▸ **Source material**:
********************
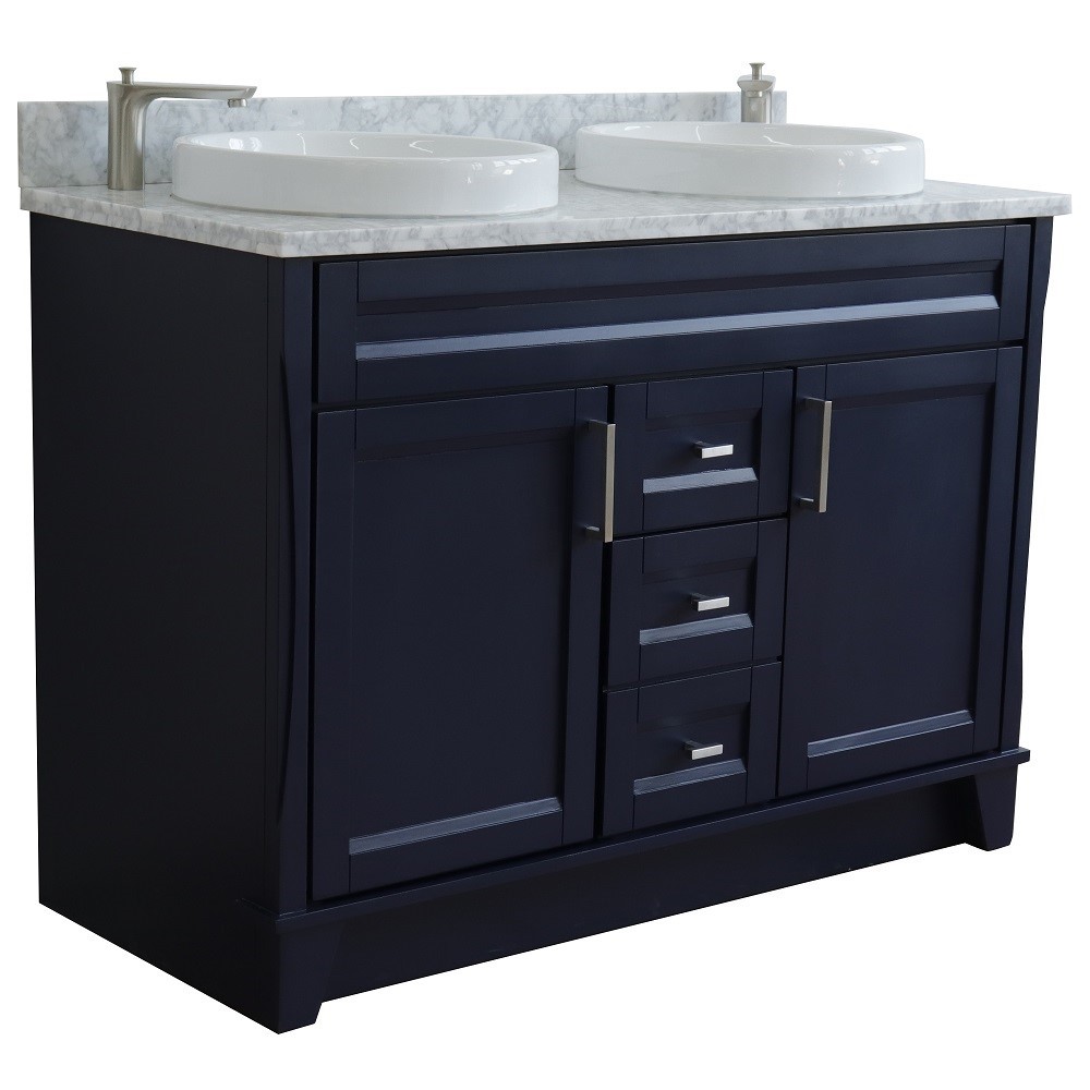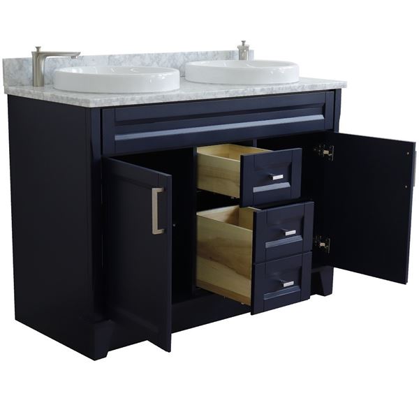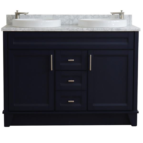 The Terni collection by Bellaterra Home features simple style bathroom vanities that can integrate seamlessly with any home design. From a simple or to the grand home design, you will appreciate this beautifully crafted piece of furniture as the focal point in your bathroom. The structure of the cabinet is built with solid oak. The vanity has two drawers and two cabinet doors that open to a large ample storage space. The drawers are constructed with English dovetail and are installed with smooth full extension glides to provide durability. This vanity features brushed nickel finish hardware and a beautiful counter top that is pre-sealed and polished for added protection. The bathroom vanity top is preinstalled with two white cUPC certified ceramic sinks.
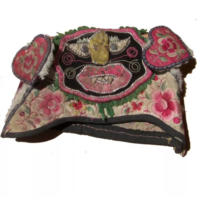 Bai Black-faced Tiger Hat; Silk floral embroidery on cotton front and velvet back; fur trim; white sections somewhat soiled;
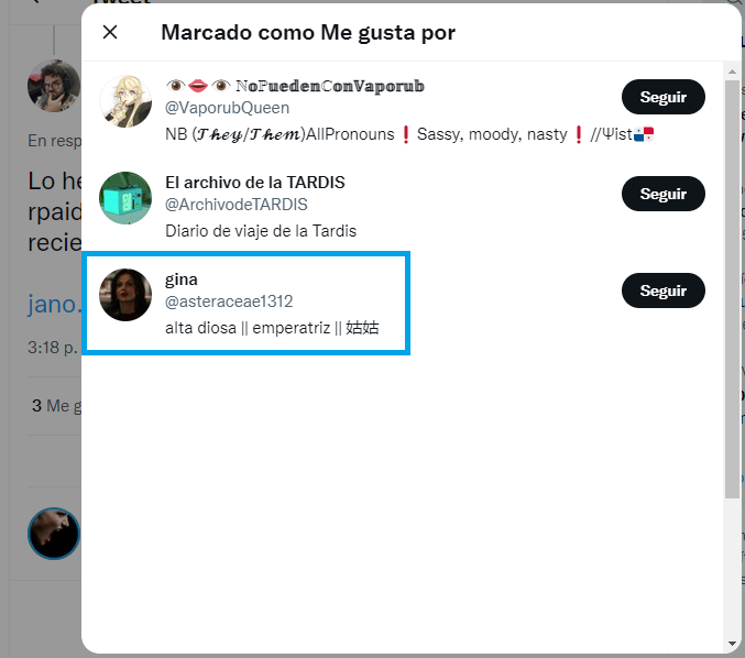 Poniendo en el buscador el enlace y el @ de su cuenta, y ordenando de más reciente a menos reciente, vemos que la primera vez que supo de ese estudio fue porque un usuario se lo mostró, y no porque Gina esté inmersa en el ámbito científico.
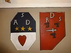 Internally at against the right (i.e.north) wall there is an original large fireplace, 5 ft. 10 in. wide. This includes a large lintel (2 ft. high) with two recessed panels. The left panel, which is octagonal, contains the initials S A D for Sir Archibald Douglas and below them the charges of his shield, namely a heart, with three mullets in chief. The right panel is oblong, containing the initials D R S for Dame Rachael Skene and below these letters a 'skean' or dagger between three wolves' heads couped.
********************
▸ **Task description**: Your task is to restate word for word the lines from the line holding "Bai Black-faced Tiger" through the final line of the listing, both included, but none of the pictures.

▸ **Task output**:
 Bai Black-faced Tiger Hat; Silk floral embroidery on cotton front and velvet back; fur trim; white sections somewhat soiled;
 Poniendo en el buscador el enlace y el @ de su cuenta, y ordenando de más reciente a menos reciente, vemos que la primera vez que supo de ese estudio fue porque un usuario se lo mostró, y no porque Gina esté inmersa en el ámbito científico.
 Internally at against the right (i.e.north) wall there is an original large fireplace, 5 ft. 10 in. wide. This includes a large lintel (2 ft. high) with two recessed panels. The left panel, which is octagonal, contains the initials S A D for Sir Archibald Douglas and below them the charges of his shield, namely a heart, with three mullets in chief. The right panel is oblong, containing the initials D R S for Dame Rachael Skene and below these letters a 'skean' or dagger between three wolves' heads couped.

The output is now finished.